Affordable Housing: Subsidies Raise Costs

  • March 20, 2024
  • 0

Chris Edwards

The federal low‐​income housing tax credit (LIHTC) is an awful program for the reasons discussed in this 2017 study. I’ve recently focused—here, here, and here—on the ungodly complexity of the LIHTC, which benefits no one except the lawyers.

Complexity is one reason for the high costs of apartment buildings developed with LIHTC subsidies. The Wall Street Journal recently examined the high costs of subsidized housing, as excepted below.

The issue is salient because the tax bill before Congress would expand the LIHTC, and there is bipartisan support for new subsidies based on the LIHTC’s critically flawed approach. Expanding housing tax credits would be the opposite of “evidence‐​based policymaking.”

Here is the Wall Street Journal:

State and local governments in California have committed tens of billions of dollars to build more affordable housing. A new complex for some of the neediest low‐​income people doesn’t use any of it.

By forgoing government assistance and the many regulations and requirements that come with it, SDS Capital Group said the 49‐​unit apartment building it is financing in South Los Angeles will cost about $291,000 a unit to build.

The roughly 4,500 apartments for low‐​income people that have been built with funding from a $1.2 billion bond measure L.A. voters approved in 2016 have cost an average of $600,000 each.

Across California, efforts to address the homelessness crisis by building more affordable housing with government money have been plagued by sky‐​high costs. A recent report commissioned by the city of San Jose found affordable‐​housing projects that received tax credits [i.e. LIHTCs] cost an average of around $939,000 a unit to build there last year.

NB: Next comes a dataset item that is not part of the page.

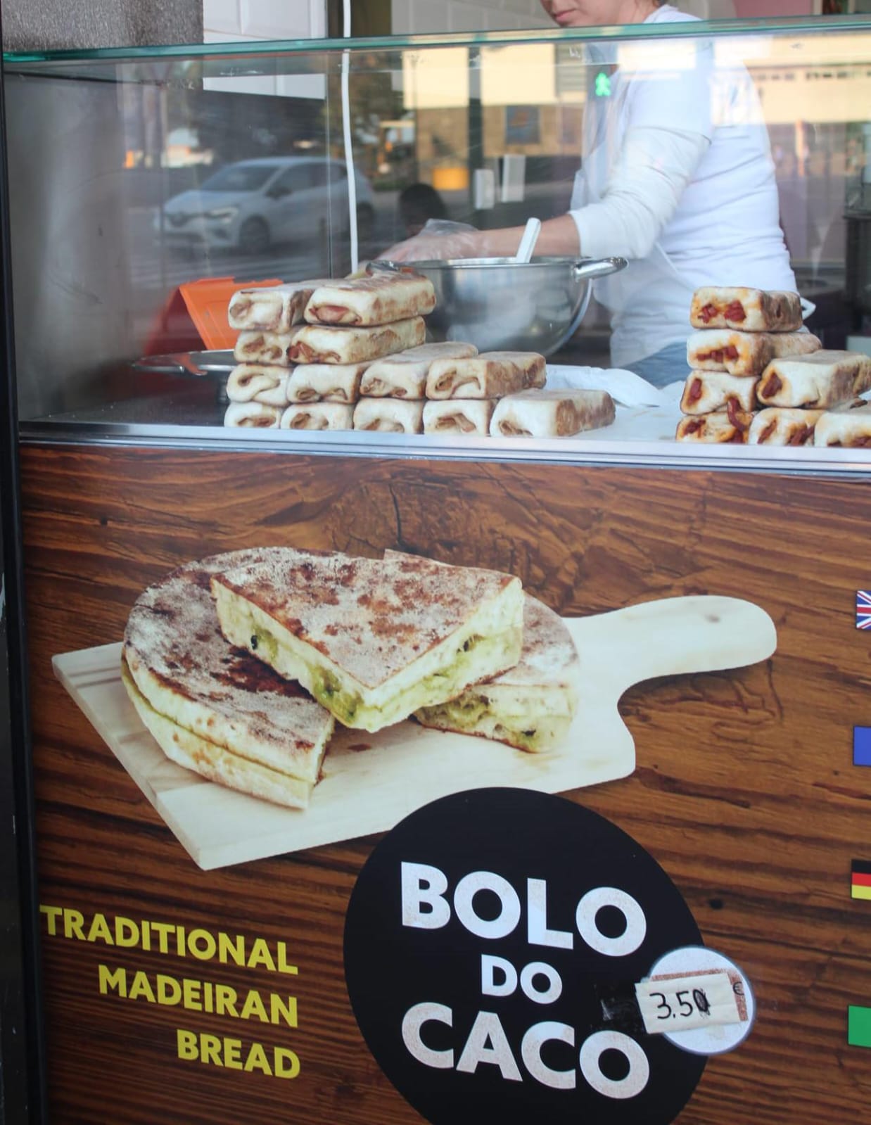 BOLO DO CACO, el tradicional es un pan horneado a leña, con manteca, aceite y ajo. Muy bueno, se come calentito como entrante o de acompañamiento para las lapas por ejemplo. También encontrarás bolo de caco rellenos (chorizo, carne, fiambre, queso). Tienes mil formas de combinarlo, está muy bueno, pero el más popular es sin relleno. Lo vas a encontrar por toda la isla.

… “We believe there’s a different way than using government money, which really becomes slow and arduous and increases cost,” said Deborah La Franchi, chief executive of SDS.

… Publicly funded affordable housing must typically be built with labor agreements that dictate construction wages and working conditions, as well as energy‐​efficiency standards. Funding often comes from a variety of agencies, each of which has its own set of approvals and regulations that can slow construction and add to costs.

With private financing, “You’re cutting out millions of dollars just in soft costs,” said David Grunwald, an executive at RMG Housing, which is developing the SDS fund’s projects.

… Green Development Co., a housing developer, is planning four unsubsidized affordable apartment buildings in Los Angeles, primarily for people with incomes no higher than 80% of the local median … “The return gets better, and the project provides more housing as well,” said Slocum, who expects the cost per unit of his planned projects to average $222,000.

… The most significant impact private affordable‐​housing builders could have, some advocates agree, is to demonstrate how much cheaper construction can be.

Jennifer Hark Dietz, chief executive of the nonprofit housing developer PATH, said she is hopeful the private‐​equity model will inspire governments to simplify requirements and bring costs down. Her organization is currently working on a project in the Bay Area that blends private‐​equity funding with public subsidies. “I don’t think any of us want to be doing it the way that it has been done,” she said.

People in the industry know that government subsidies generate complexity and high costs. To me, the solution for affordable housing is local deregulation and property tax cuts for apartment buildings, not federal subsidies.